Skidding limits rear-wheel braking to approximately 0.3 g -- less if the front brake also is in use. The seatstays, chainstays and seat tube of a conventional bicycle frame resist deceleration in compression and tension -- no torque -- as they form a triangle with one corner at the rear axle. A rear rim brake along the seatstays or chainstays tends to bend them. The reaction arm or caliper of a rear hub brake imposes a greater force, due to the smaller radius at which it acts, usually only on the left seatstay or chainstay. The forces may be calculated the same way as with the front wheel.

In this discussion, I've neglected the slight additional braking needed to reduce the rotational momentum of the bicycle's wheels as a bicycle slows.

If a device is rotating at a steady rate or is stationary, the torques applied to it must add up to zero -- any torque applied at one point must be taken off at another.
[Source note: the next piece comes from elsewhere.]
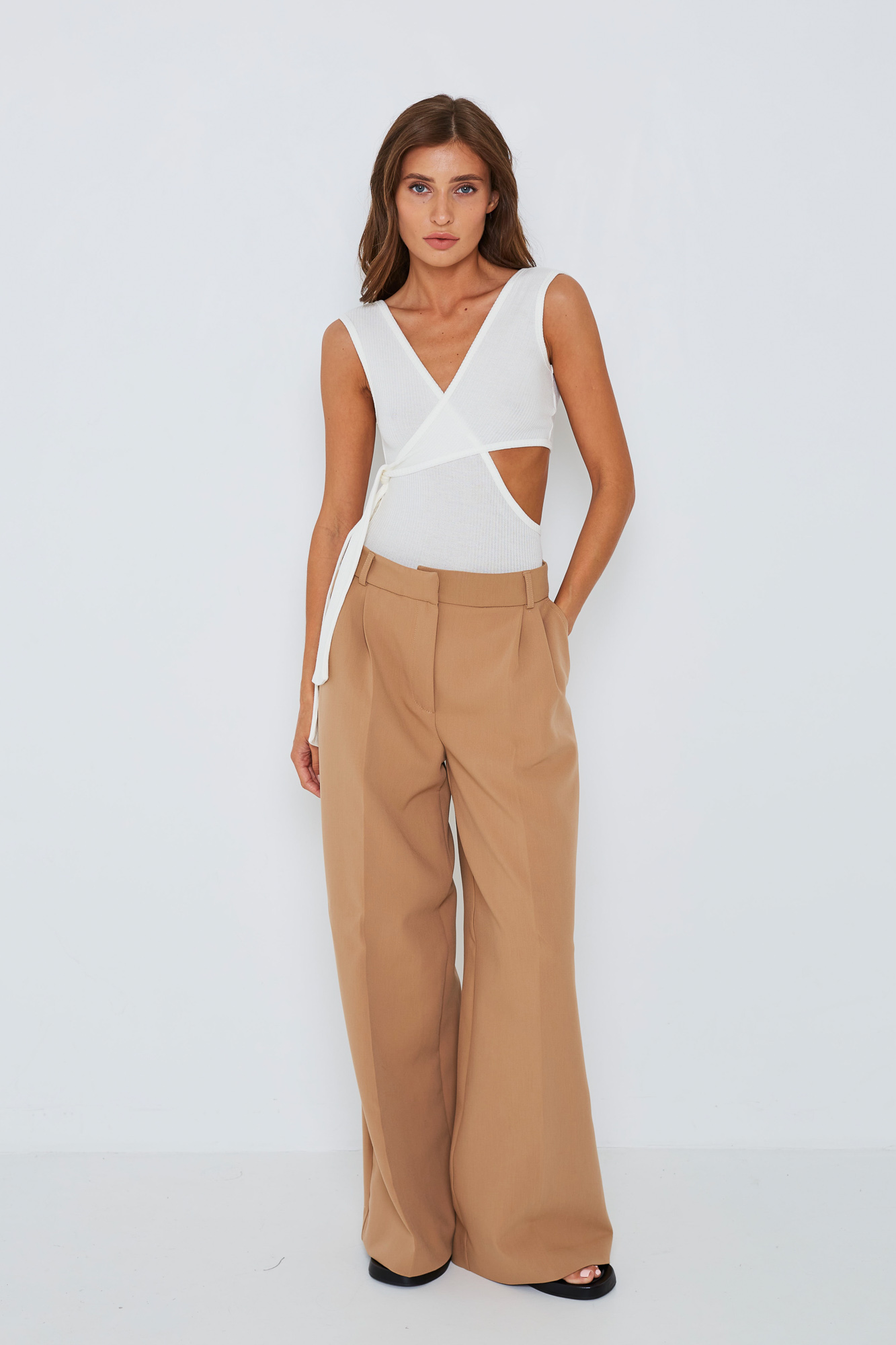 Отлично сочетается с топом-бандо.
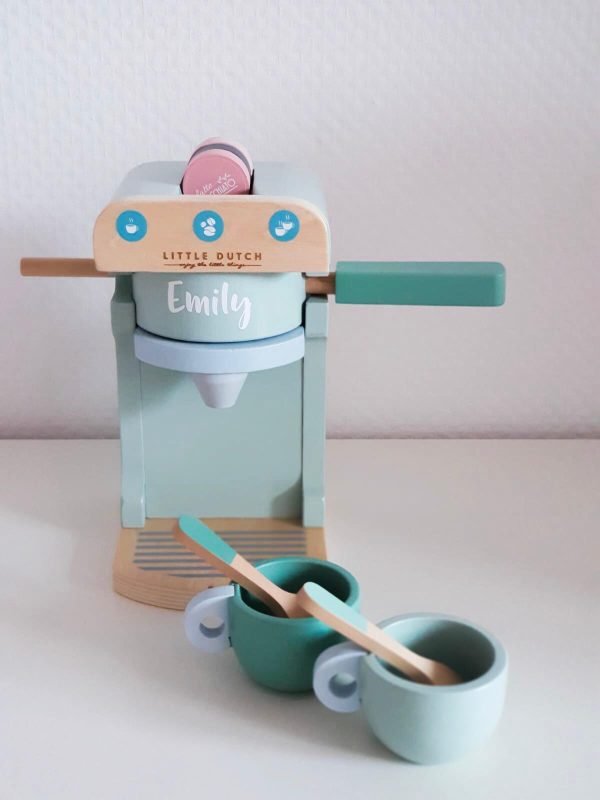 Children love to do grown-up things, such as making a nice cup of coffee. The Little Dutch wooden coffee machine is available in mint and includes two cups, two spoons and five flavours of coffee cups in nice colours: lungo, cappuccino, latte macchiato, coffee and espresso. The set fits perfectly with the Little Dutch wooden toy kitchen and is very nice to combine with the Little Dutch wooden toaster set.

So, with a bicycle crankset, the torque applied at the pedals is equal and opposite that taken off by the chain, neglecting the small amount lost in friction.

Let's look at a bicycle drivetrain starting with the cyclist's feet. Torque is conveyed from a pedal through the crank -- and from the left crank, then also through the bottom-bracket spindle -- to the chainwheel. Generally, the cyclist's rising leg applies a light torque opposite that of the descending leg. The chain, at the chainwheel, produces a torque equal and opposite the sum of the torques applied at the pedals.

Let's put some numbers to this We assume that the left leg is descending in mid-stroke, applying a force of 100 pounds directly downward on the left pedal, while the rising right leg is applying a reverse force of 10 pounds to the right pedal. Crank length is usually given in millimeters, but we're using English measurement here, as it's more familiar to most English-speaking readers. We'll assume 0.56 foot (170 mm) cranks.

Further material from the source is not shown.